PostPosted: Wed Aug 06, 2008 1:10 pm


Since it seems that so few people really know much about even the defenition of a Libertine nowadays, I shall post a tread enlightening people on the subject, haveing a few of the most famous libertines, books, litrature, and so on. Enjoy.  
PostPosted: Wed Aug 06, 2008 1:15 pm


Libertine


Libertine has come to mean one devoided of any restraints, especially one who ignores or even spurn religious norms, accepted morals, and forms of behavior sanctioned by the larger society.

The philosophy gained new-found adherents in the 17th, 18th, and 19th century, especially in France and Britain.
Notable among these were John Wilmot and Marquis de Sade.

'Libertine' is today defined as "a dissolute person; usualy a person whom is moraly unrestrained."  

Neji Narcotic
Captain


Neji Narcotic
Captain

PostPosted: Wed Aug 06, 2008 1:29 pm


Marquis de Sade


Movie: Quills


The most infamous writer in the history of French literature, who occasionally has been hailed as "the freest spirit who has ever existed." Marquis de Sade published erotic writings, that gave rise to the term sadism - enjoyment of cruelty, which first made it into a dictionary in 1834. His works have been seen as exploration of sexual and political freedom. In his 'Idées sur les romans' (1800) de Sade writes that the essence of novelistic representation lies in the writer's incestuous relationship with nature. To be true to this relationship is to eschew all limitations, and exceed the bounds of convention and knowledge.

"But if there seems little reason for literary people to concern themselves with Sade, he has found a new lease of life among philosophers and anthropologists. Bored and uneasy with our little lives we resort to the greater amplitude of symbols. Bardot, Byron, Hemingway, Monroe, Sade: we do not require our heroes to be subtle, just to be big. Then we can depend on someone to make them subtle." (D.J. Enright in 'The Marquis and the Madame', in Conspirators and Poets, 1966)

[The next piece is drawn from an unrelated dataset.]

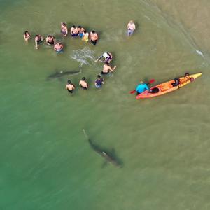 4月20日,在以色列北部城市哈代拉的海邊,鯊魚從人們身邊游過(無人機照片)。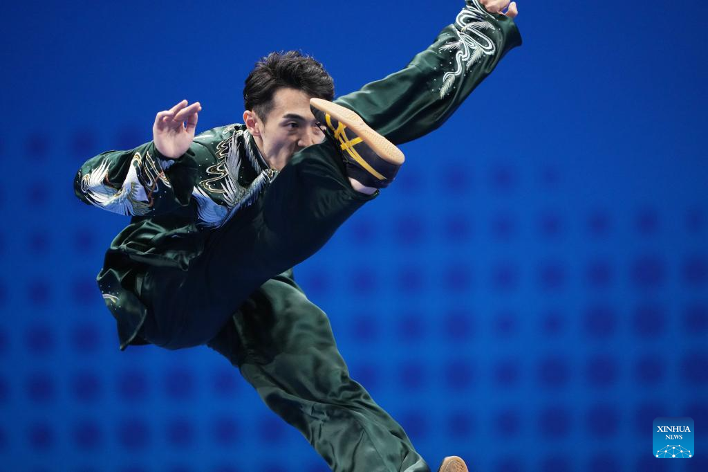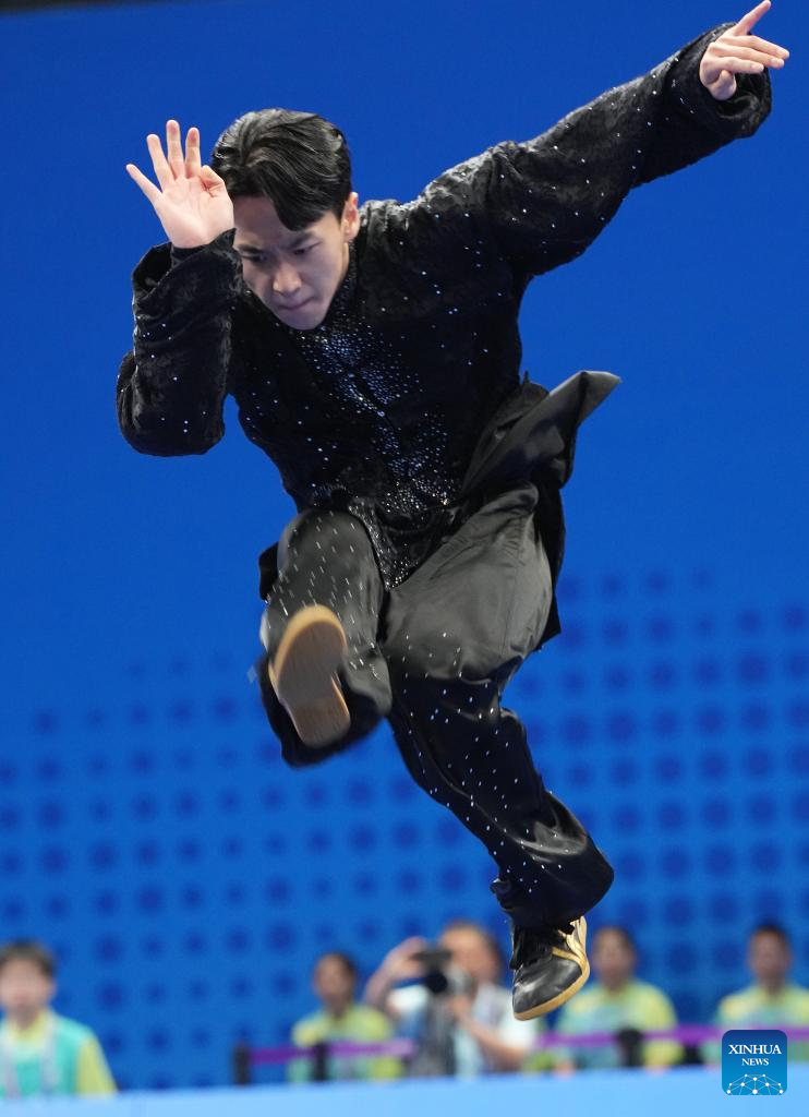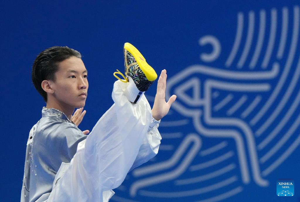 Nicholas Nicholas of Indonesia competes during the Men's Taijiquan Final of Wushu at the 19th Asian Games in Hangzhou, east China's Zhejiang Province, Sept. 25, 2023. Men's Taijiquan & Taijijian All-Round of Wushu took place here Monday. (Xinhua/Li Yibo)

Donatien Alphonse François de Sade was born in Paris into an aristocratic family. He was the only surviving child of Jean-Baptiste de Sade and his wife Marie-Eléonore de Maillé, a distant cousin of the Prince de Conde. His family had been ennobled in the 12th century and remained a major power-broker in the southern region of Provence. "Connected, through my mother, to all the greatest powers in the kingdom and, through my father, the most distinguished families of the provenance of Languedoc; born in Paris in the bosom of luxury and plenty, I believed, from the very first moment I could reason, that nature and fortune had collaborated to lavish me with their gifts; I believed it because people were foolish enough to tell me so, and this ridiculous prejudice made me haughty, despotic, and choleric..." (from Aline et Valcour, 1795)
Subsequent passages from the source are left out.